As a mortgage broker in Tampa Bay, I’ve said it again and again, many factors contributed to the housing market mess. While placing home buyers in ill-fitting mortgage products and lending to others with reckless disregard for the risks they brought to the closing table are definitely two of the factors, they are not the only ones. The subprime mortgage market and the mortgage brokerage industry have really become the whipping boys and have definitely taken the brunt of the blame.
Unfortunately, a good number of recipients of “A Paper” loans have: skidded into foreclosure status, visited the back alleys of strategic foreclosures, most heartily contributed to the tidal wave of homes that hit the market, and are largely responsible for the Nightmare on Elm Street shadow foreclosure inventory that lurks around the corner with Freddy Kruger.
In 2005, the cure rate (the percentage of loans that have fallen behind in payments and then restored their good standing), was 85% for borrowers that were 30 days late in making their payment. In 2010, per Amherst Securities, that cure rate is below 1% for those over 90 days late; a significant drop. Statistics also show that a big chunk of the home owners that have “not been cured” have credit scores of over 660!

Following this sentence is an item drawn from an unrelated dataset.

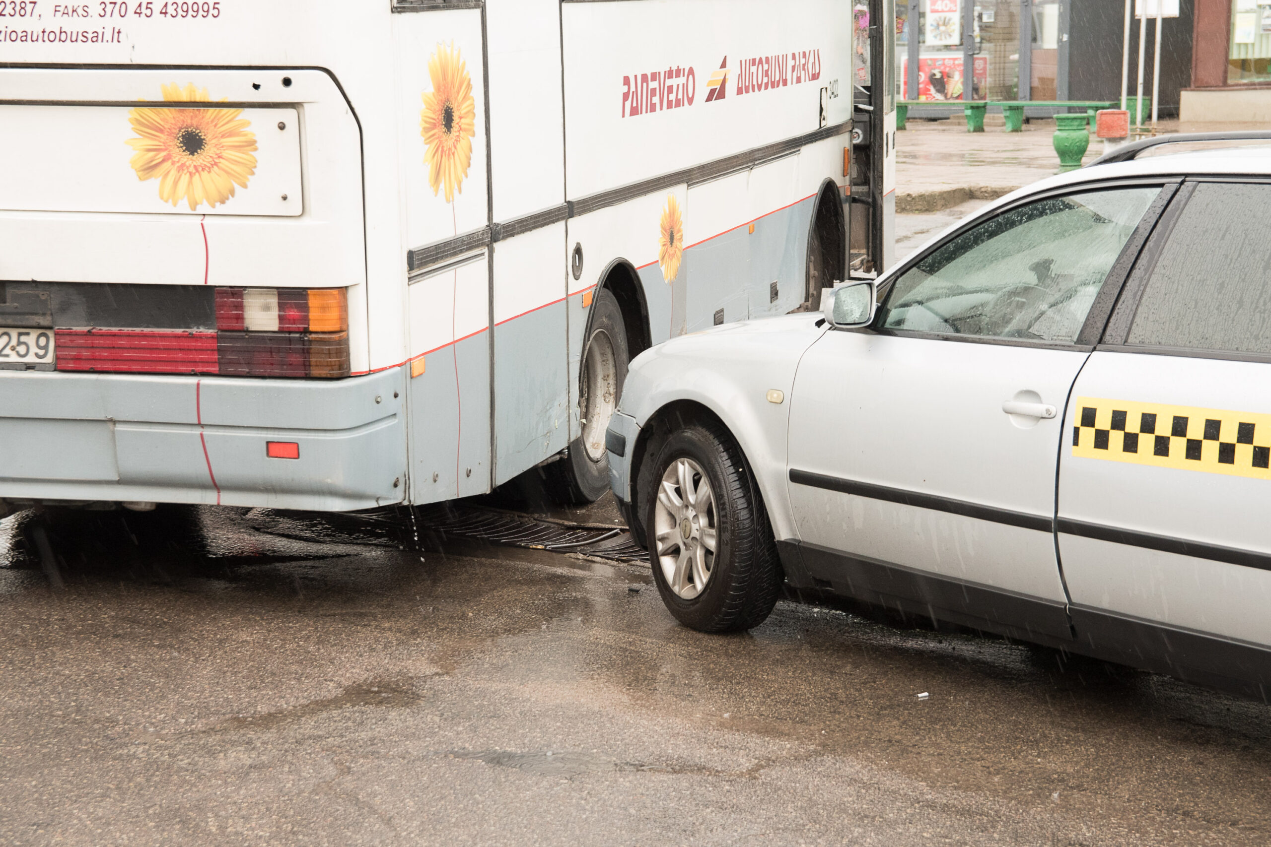 Pranešimo apie susidūrusius autobusą ir „Volkswagen Passat“ taksi automobilį Panevėžio policija sulaukė pirmadienį, keliolika minučių iki 14 val.

But at the time, these then home buyers had great credit and six figure incomes. However, a whole lotta house can’t be supported when you’re pushing your way through your company’s front doors holding a box full of the stuff from your desk. The job losses suffered by people across the economic spectrum fueled the foreclosure fires as surely as the subprime loans squirted the essential kerosene.
At the end of the day, the restoration of a firm employment foundation for Americans is going to satisfy the stock market and the real estate market and keep the roofs over our heads.